I stand in front of a grand mirror, and I am wearing a powder-blue long-sleeved dress of a light, floaty material, like silk. My makeup is light and natural this time as opposed to all the gold shimmer powder and dramatic black eyeliner and mascara they put on me before. My own Victory Interview would begin in five minutes, and Noah is backstage with me as well. "Now, when you're up in front of your audience, and Caesar asks you about how you survived, or even about the letters I sent you, tell them that the only thing I meant by it was to push you, to make sure you would win. Remind them that you are Alyssa of Nine, and that you've been a fighter, and a victor all along."

"Okay." I say, barely above a whisper. Noah says to me, "I'll see you when it's over." And as soon as I hear Caesar say loudly to the audience, "Ladies and Gentlemen, now that you've seen the Games and witnessed the shocking and epic finale just five days ago, this is the Victory Interview you've all been waiting for! Let's give our loudest cheers yet for the deadly wrathful Queen who survived against the odds, Alyssa Whitestone!"

And I walked onstage and sat down in the chair next to where Caesar also sat down, as the thunderous applause died down. The first few questions he asked were mainly about where I had learned all my survival skills, or if it was an easy thing or not for me to kill Emerald and Adonis, and who was the most difficult of them to take care of in my opinion. I was also asked how I felt about Jeremy's murder, or even the murders of my own allies, and even what I intended to do with all my new found wealth, since I was no longer just a mere orphan from District Nine. I answered these questions as best as I could.

Then, Caesar asks me, "Now, I have one last question for you, Alyssa. It's about your mentor, Noah Linwood. Were those letters he sent you in the arena only letters of mentor support, or, could there have been the blossoming of a very forbidden romance?"
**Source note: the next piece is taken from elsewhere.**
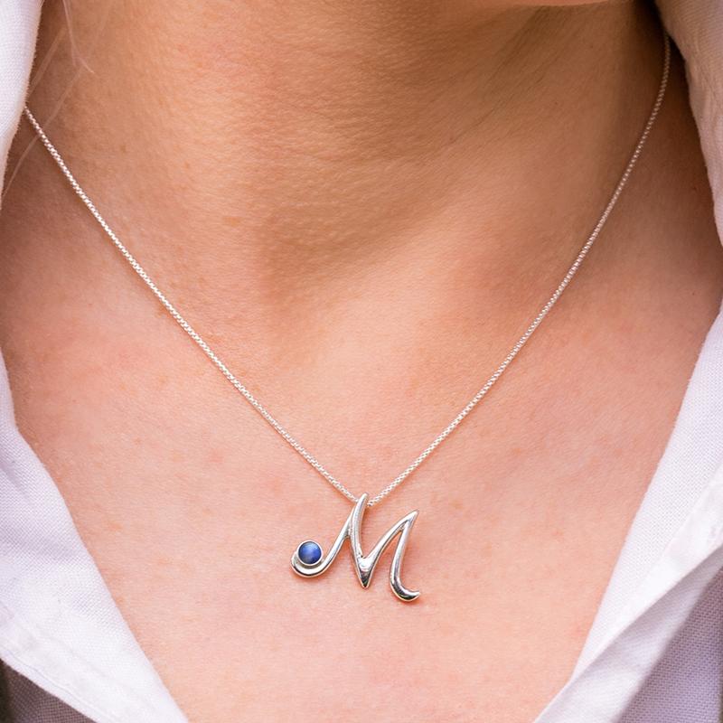 From the new 'Love Letters' collection designed and handcrafted in our very own workshop, this 9ct yellow gold necklace features an initial 'H' with a circular Moonstone. The pendant and stone hang elegantly from a 18 inch 9ct yellow gold chain.

To this, I say, Noah and I would never even think of being in such a relationship. Noah has been an excellent mentor to me, and I made a point of learning as much as I could from him in training for the Games. I told everyone here that I wouldn't be so easily defeated, well here I am, alive, and blessed by the Capitol for being alive today, for my fame, and my fortunes. I know I won't be living in the District Nine community orphan home anymore, that's for sure."

"No, that you will not." Caesar replies. "You are as much a darling of the Capitol as any other victors. And we love you for it!"

Then Caesar says to the audience, "Ladies and Gentlemen, the Queen of the Pyramids from District Nine, Alyssa Whitestone, our proud nation's newest victor of the 73rd Annual Hunger Games!" And the audience goes wild.

***

At the Crowning Ceremony the next day, I am wearing a jeweled powder blue dress with long sleeves, and it is President Snow himself who places a Crown of Victors on my head. "Congratulations Miss Whitestone. You are very fortunate to have survived. I know your District must be very proud of you, and so must your little friends."

"Thank you." I say to him. Maybe, after all, I have been overworried. Maybe he suspects nothing. I almost feel like breathing a sigh of relief.

But then Snow says something to me that causes the relief to die and be replaced with only more growing fear. "I suggest you be careful, or you could very well be the cause of the sudden downfall of your friends, and others from your District. I suggest you think about whether it's even worth it to put Noah in such danger."

But even though I am terrified at even the thought that something terrible could happen to the people I care about, to my district if I'm not as careful as President Snow expects, still I don't show it since all the eyes of this nation are on me. I am a Victor, and the show must go on.